Hukuman penjara harus berlangsung dalam waktu yang lama, hal ini terutama dimaksudkan
sebagai contoh bagi mereka yang belum melakukan tindak pidana agar takut untuk
melakukannya. Dengan demikian hukuman juga berfungsi sebagai pencegahan umum.
Pemidanaan yang lama ini juga merupakan imbalan dari kepuasan-kepuasan ataupun
kesenangan-kesenangan yang diharapkan dari perbuatan melanggar hukum atau perbuatan
jahat.

alah satu cara yang dapat dilakukan untuk mengatasi masalah korupsi ini adalah
menerapkan sanksi biaya sosial korupsi bagi koruptor. Koruptor harus membayar seluruh
biaya sosial yang diakibatkan dari tindakannya, sampai memiskinkan koruptor. Penerapan
pembebanan biaya sosial korupsi sangat dimungkinkan alasannya karena penanganan
tindak pidana korupsi diatur melalui perundang-undangan khusus, sesuai asas lex spesialis
derogate legi generali. Menurut asas tersebut, sepanjang memenuhi syarat, ketidaklaziman
atau bahkan kekurangsesuaian dengan asas-asas umum, memungkinkan dilakukan revisi.
Dengan cara ini, tidak ada lagi pelaku korupsi yang bisa hidup mewah dari hasil
kejahatannya selepas dari penjara.
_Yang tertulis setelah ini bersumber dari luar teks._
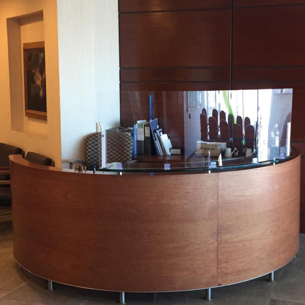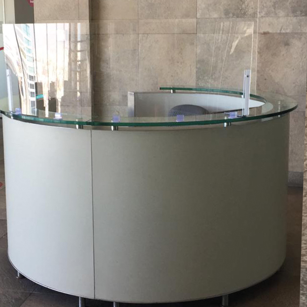 Fabricamos acrílicos curvos para recepciones ovaladas. Estos van con sujeciones de stopper, el formato de “L” que van con doble contacto hacia la mesa y con pernos que sujeción con fijación al acrílico. Esto acrílicos por lo general son de 2 a 3 mm.

Hal ini sesuai dengan asas hukum asas malis non
expediat malos esse, yaitu pelaku kejahatan tidak boleh menikmati hasil kejahatannya.
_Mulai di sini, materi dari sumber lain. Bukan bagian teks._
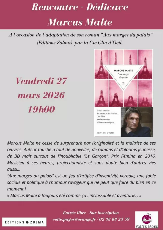 Marcus Malte nous présentera son roman "aux marges du palais". Il était une fois des nantis et des fauchés... Une fable révolutionnaire à l'humour ravageur aux éditions Zulma....

Membebankan biaya sosial korupsi kepada koruptor, tidak hanya diharapkan bisa
mengganti kerugian negara tapi juga mengembalikan rasa keadilan di tengah masyarakat.
Cara ini juga akan memberikan efek jera, sehingga tidak ada lagi orang yang berani korupsi
dan memberikan rasa aman kepada masyarakat.

Sekian atas tanggapan yang saya sampaikan dalam forum diskusi ini, Wasalamualaikum
warahmatullaahi wabarakaatuh.

Terimakasih mas mario atas jawbannya pada diskusi 4 ini, dan terus tingkatkan literasi
membacanya
Adanya oknum yang melakukan perbuatan yang tercela dengan memberikan hukuman
ringan terhadap koruptor, perbedaan perlakukan terhadap pelaku korupsi, memberi fasilitas
saung mewah terhadap pelaku korupsi kemudian berpelesirnya narapidana korupsi, seperti
Gayus Tambunan, Setya Novanto yang terjadi dan lainnya itu semua membuat masyarakat
menjadi kecewa atas pelaksanaan hukuman terhadap koruptor. Oleh karena itu, selain
dengan upaya hukum dan penjara, solusi yang ditawarkan juga perlu melibatkan aspek-
aspek pencegahan, seperti pendidikan etika, transparansi dalam pengelolaan keuangan
publik, dan penguatan sistem pengawasan dan pengendalian internal,memperkuat sistem
pengawasan dan pencegahan korupsi, meningkatkan transparansi dalam penggunaan
anggaran dan sumber daya publik, memberikan penghargaan bagi pegawai negeri dan
institusi yang mengungkap tindakan korupsi, serta memperbaiki kesejahteraan pegawai
negeri untuk mengurangi risiko terjadinya perbuatan korupsi.. Adanya pembinaan dapat
memberikan pandangan serta pembelajaran yang lebih baik terhadap para pelaku
kejahatan.
Solusi yang dapat dilakukan atas kejahatan korupsi yang terjadi di Indonesia saat ini, antara
lain
Membangun generasi muda yang paham tentang pentingnya mencegah tindak korupsi.
Membuat pusat layanan pengaduan tindak korupsi.
Memberikan hukuman yang dapat menimbulkan efek jera agar tidak korupsi tidak terulang
kembali pada masa yang akan datang.
Penguatan kapasitas badan penegak hukum atau komisi anti korupsi.